People with a reduced ability to taste food choose sweeter -- and likely higher-calorie -- fare, thereby paving the way for gaining unhealthy weight, says a study.
"We found that the more people lost sensitivity to sweetness, the more sugar they wanted in their foods," said lead author Robin Dando, Assistant Professor at Cornell University in Ithaca, New York.
In this research published online by the journal Appetite, Dando temporarily dulled the taste buds of study participants and had them sample foods of varying sugar concentrations.
For the blind tests, the researchers provided participants with an herbal tea with low, medium or high concentrations of a naturally occurring herb, Gymnema Sylvestre, which is known to temporarily block sweet receptors.
During the testing, participants added their favoured levels of sweetness to bland concoctions.
The researchers found that those participants with their taste receptors blocked began to prefer higher concentrations of sugar.
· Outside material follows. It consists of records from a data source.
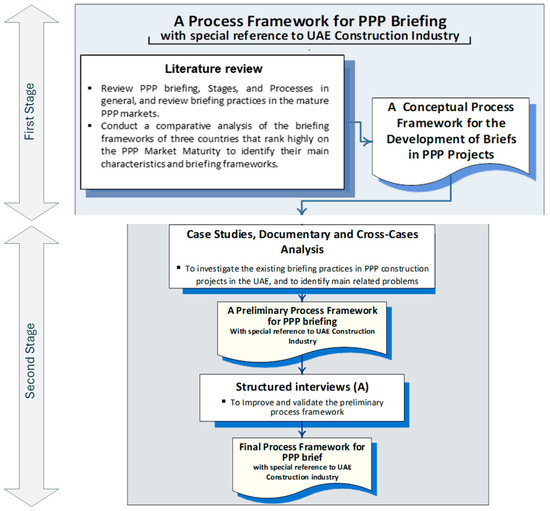 - The second stage has two main methods. First, case studies and document analysis are proposed to localize the above conceptual framework for the UAE PPP market. This is followed by structured interview sessions with experts from the UAE PPP market to finalize and validate the above preliminary framework. The output of this process will be the final Process Framework for PPP brief development with special reference to the UAE construction industry. See Figure 1 for more details.
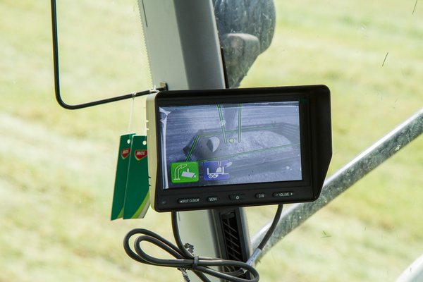 Van viszont itt még egy érdekesség, az Opti-Fill névre keresztelt, úgynevezett automatikus oszlopvezérlés. Oszlopnak hívják ugye azt a csövet, amin a szecska távozik, ezt a gép képes automatikusan kezelni. Van rajta ugyanis egy kamera, amelynek segítségével egyenletesen osztja el az anyagot a pótoson. Ha valahol már túl magasra nő domb, a képfelismerő rendszer kicsit fordít az oszlopon és a pótkocsi más részére szór. Ezzel még teljesen fogalmatlan újságírók is képesek szépen megrakni a traktorok pótkocsijait, de Csabi azt is elárulja, hogy szerinte nincs az a németesen szépen megrakott pótos, amire ne lehetne még egy jó adagot rápakolni. Ezért amikor a kamerás rendszer kiadja a megtelt jelzést, szépen végigmegyek még egyszer az egész pótkocsin, hogy az utolsó kis zugba is jusson a szecskából, aztán elköszönünk a traktortól, és jön a következő. Az oszlop forgatása sem kunszt, sőt, erre is van automatika: 225 fokot képes elfordulni.
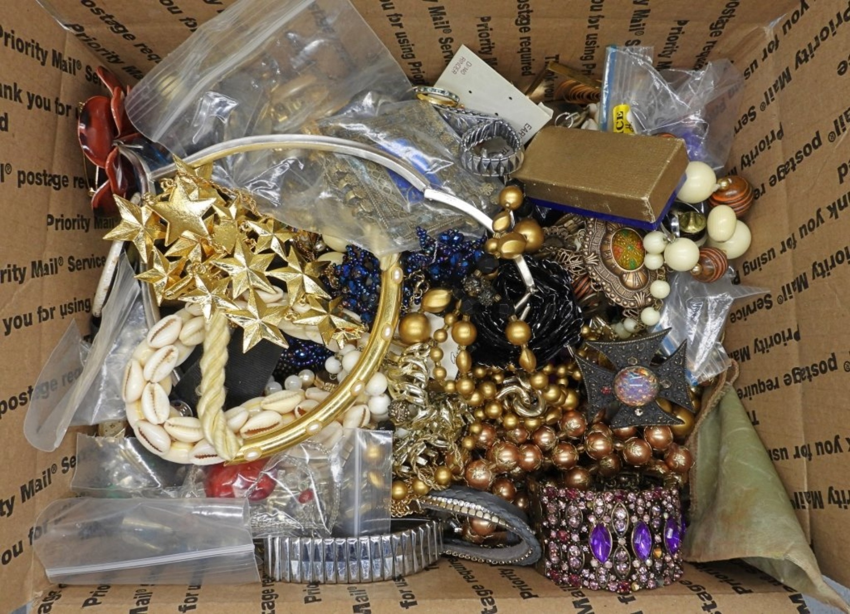 MAY BE BROKEN, TARNISHED, IN NEED OF REPAIR, ETC. SOME WEARABLE, GREAT FOR CRAFTING! MEDIUM/LARGE FLAT RATE BOX
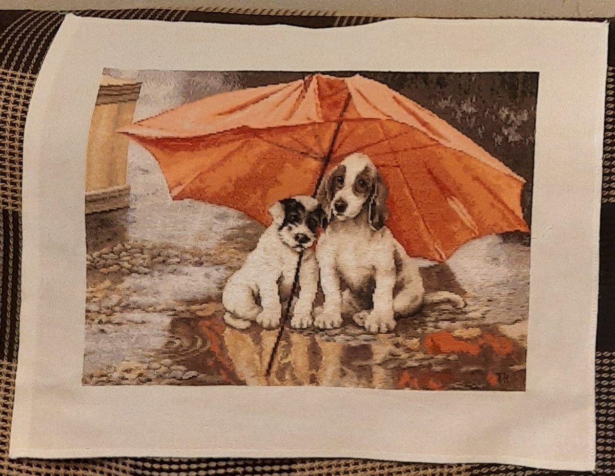 Моя новая творческая работа: вышивка крестиком от произ."Золотое руно",набор снят с поизв.,НЛ-024 "Под дождем", на канве ном18, мулине "Madeira" (Германия), всего цв.26 разм.гот.раб. 27,4*37,4см-вышита в подарок родному и близкому человеку.
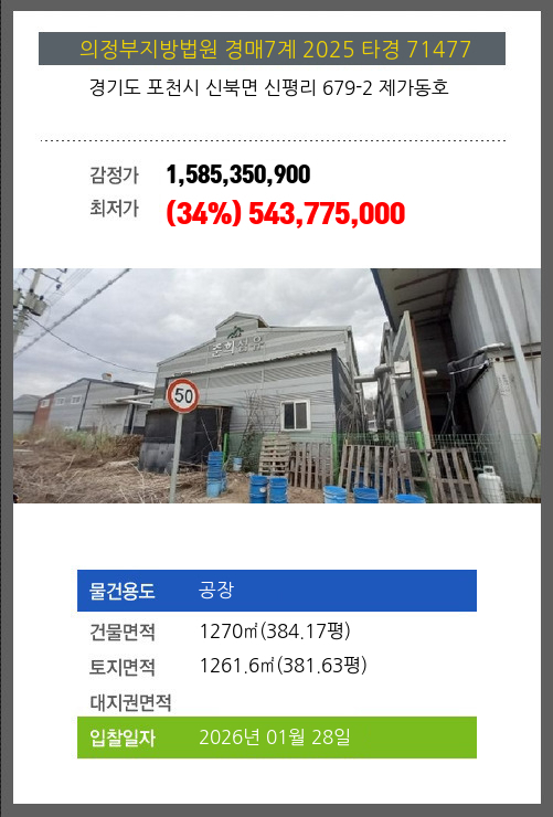 포천공장경매 포천시 신북면 신평리 679-2 제가동호 №2025 타경 71477
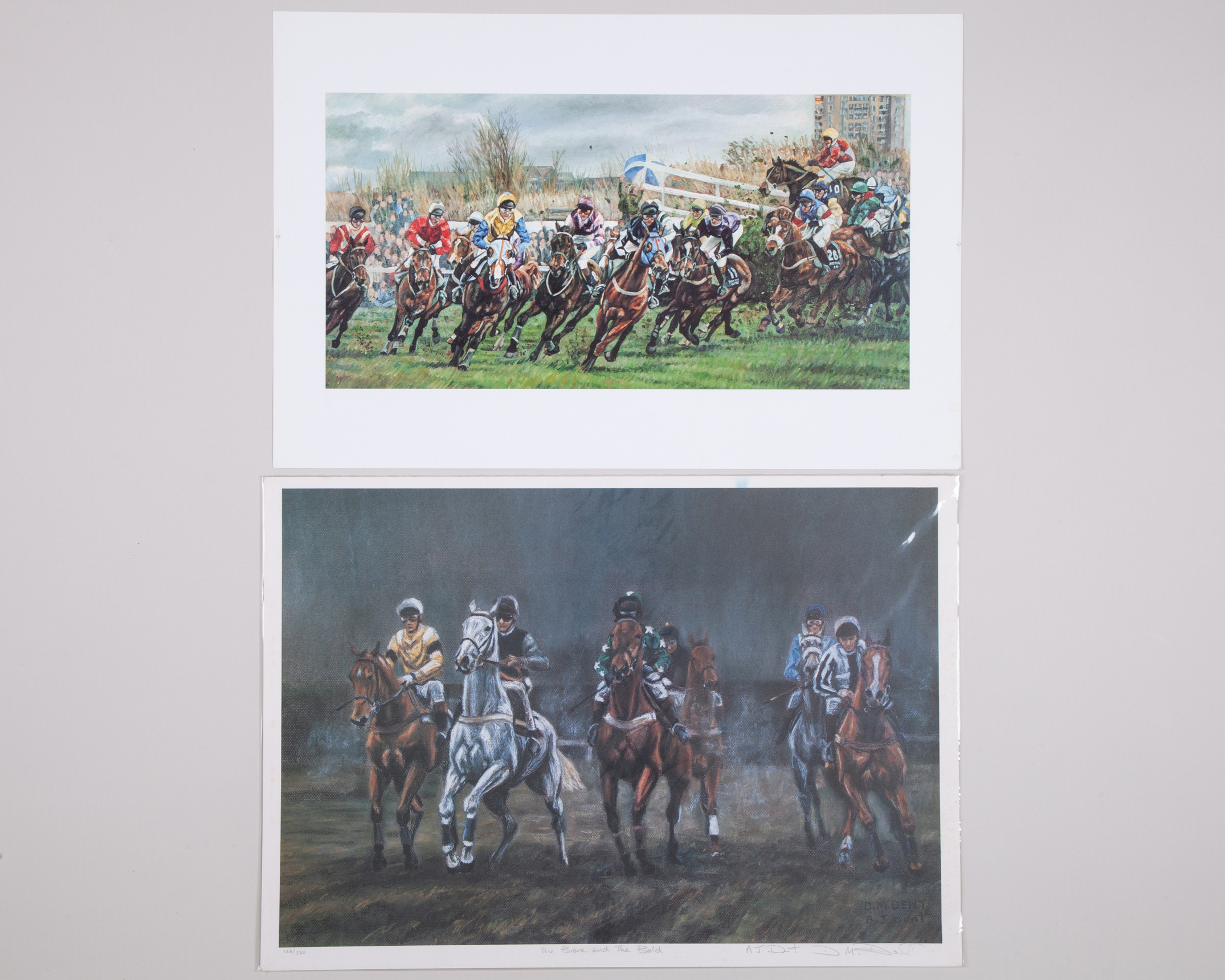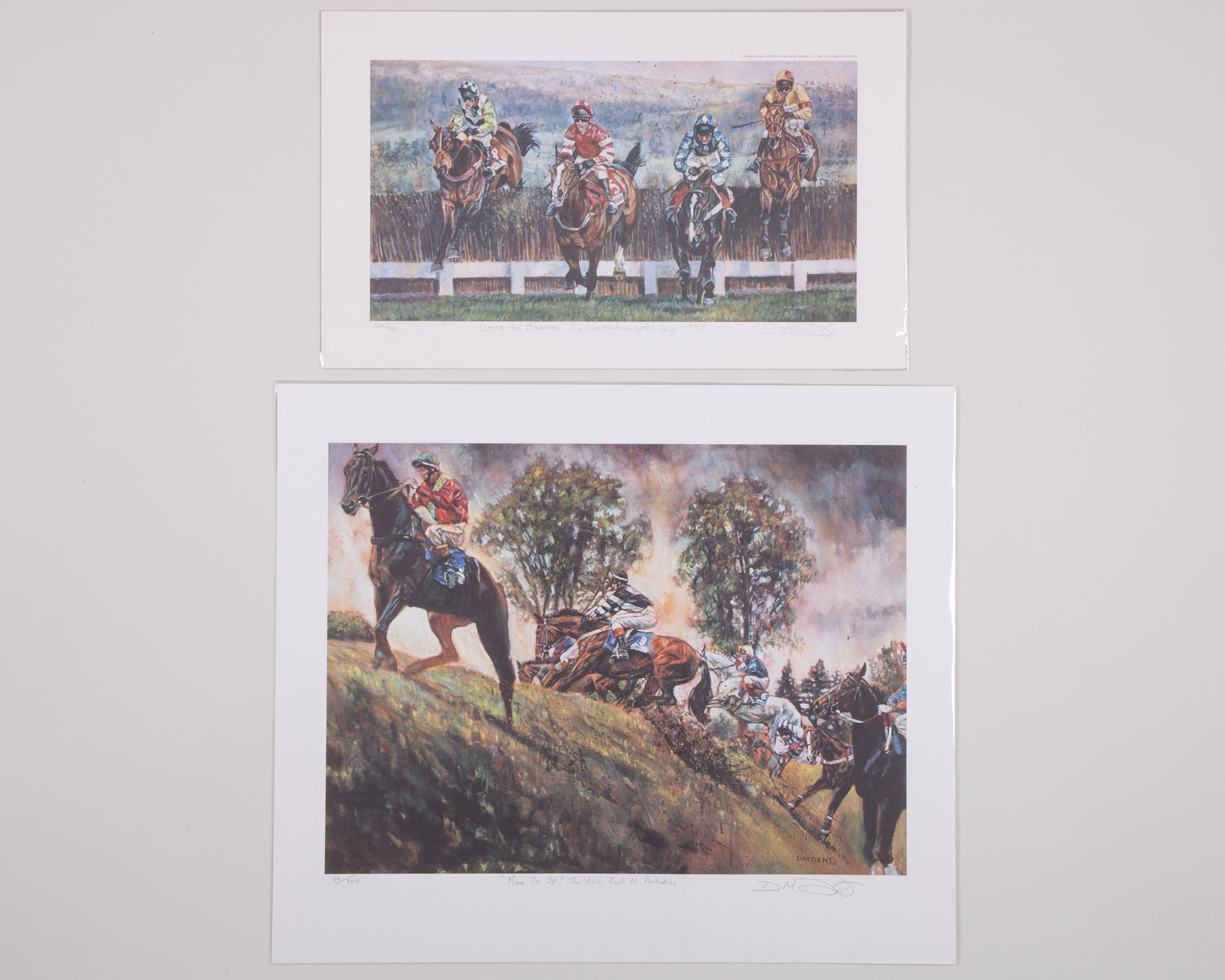 the first a collaboration between the brothers, signed and titled; The Brave and The Bold, 166/380, 65 by 45cm with the rest smaller, the second signed David Dent titled; Move on up! The Irish Bank at Pardubice, 39/500, the third signed by David Dent titled; Doing The Business: The Cheltenham Gold Cup 1999, 308/500, the forth depicting a competitive jump and turn is an unsigned work by Adrian Dent
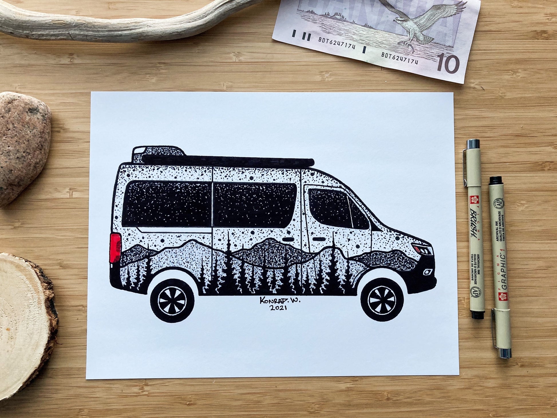 The Sprinter Camper Van Prints are made for those who lust for the open road and endless opportunities for adventures! Whether you're a weekend warrior or full time vanlifer, this Pen and Ink Print is perfect for you! The design of these prints was created by hand using archival ink pens. Using various stippling and shading techniques, the ink gives this piece a more modern or bold design that goes well will virtually any decor style. These prints come in three different sizes offering you options that fit a multiple of different spaces, from your home, office, cottage or even your van! Sizes include: 5x7" 8.5x11" 11x14" The artwork is printed in house with a premium inkjet printer on matte photo paper. Made to order. Allow 1 business day to process order. Packaged in a clear protective bag for shipping and mailed in a rigid envelope. **Frame pictured is not included** *Standard shipping for 5x7" and 8.5x11" does not come with a tracking number. Be sure to follow @naturally_illustrated on Instagram and @naturallyILLUSTRATEDofficial on Facebook for the latest updates and newest projects!
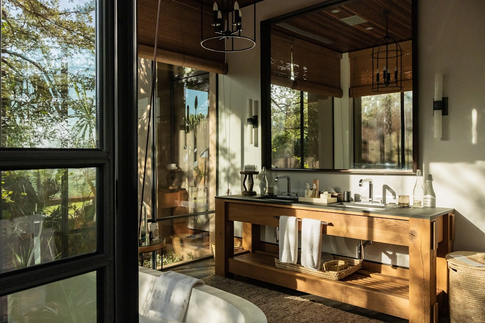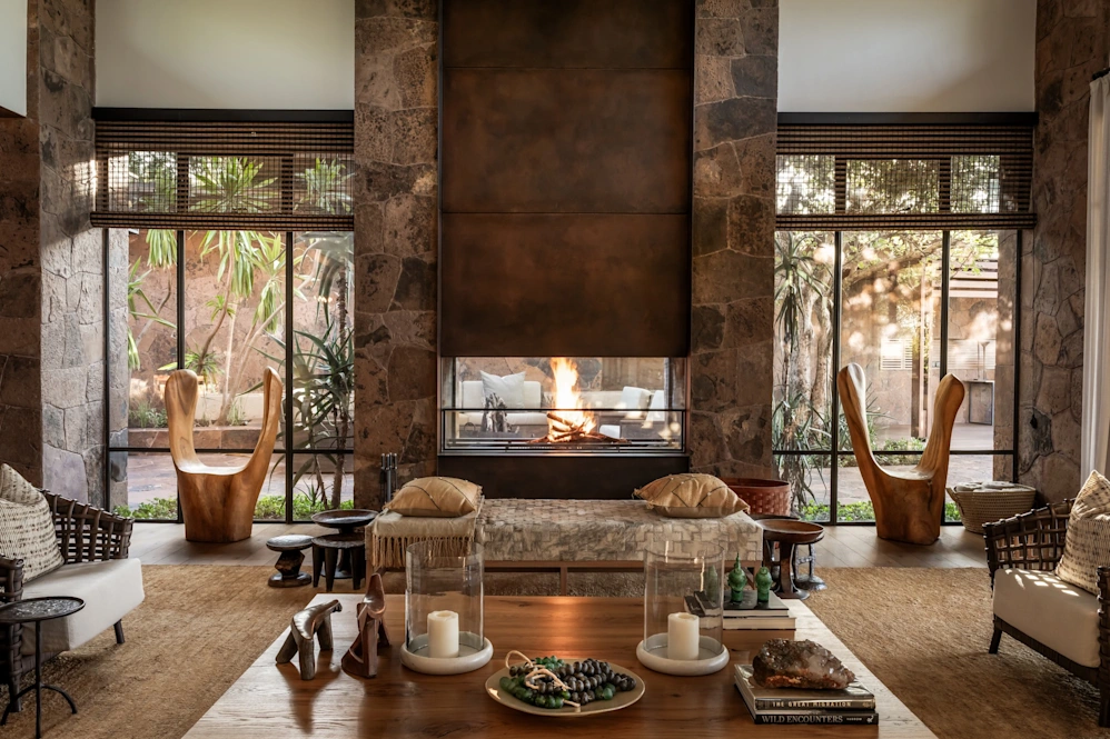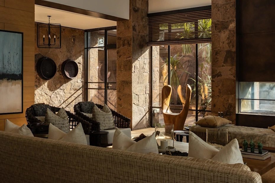 The lodge's modern design blends bold patterns with soft layers and textures inspired by the natural world, giving it a sense of ease and laid-back comfort.

"Others have suggested that the overweight may have a reduction in their perceived intensity of taste. So, if an overweight or obese person has a diminished sense of taste, our research shows that they may begin to seek out more intense stimuli to attain a satisfactory level of reward," explained Dando.
This can influence their eating habits to compensate for a lower taste response, he said.
"The gustatory system -- that is, the taste system we have -- may serve as an important nexus in understanding the development of obesity. With this in mind, taste dysfunction should be considered as a factor," Dando said.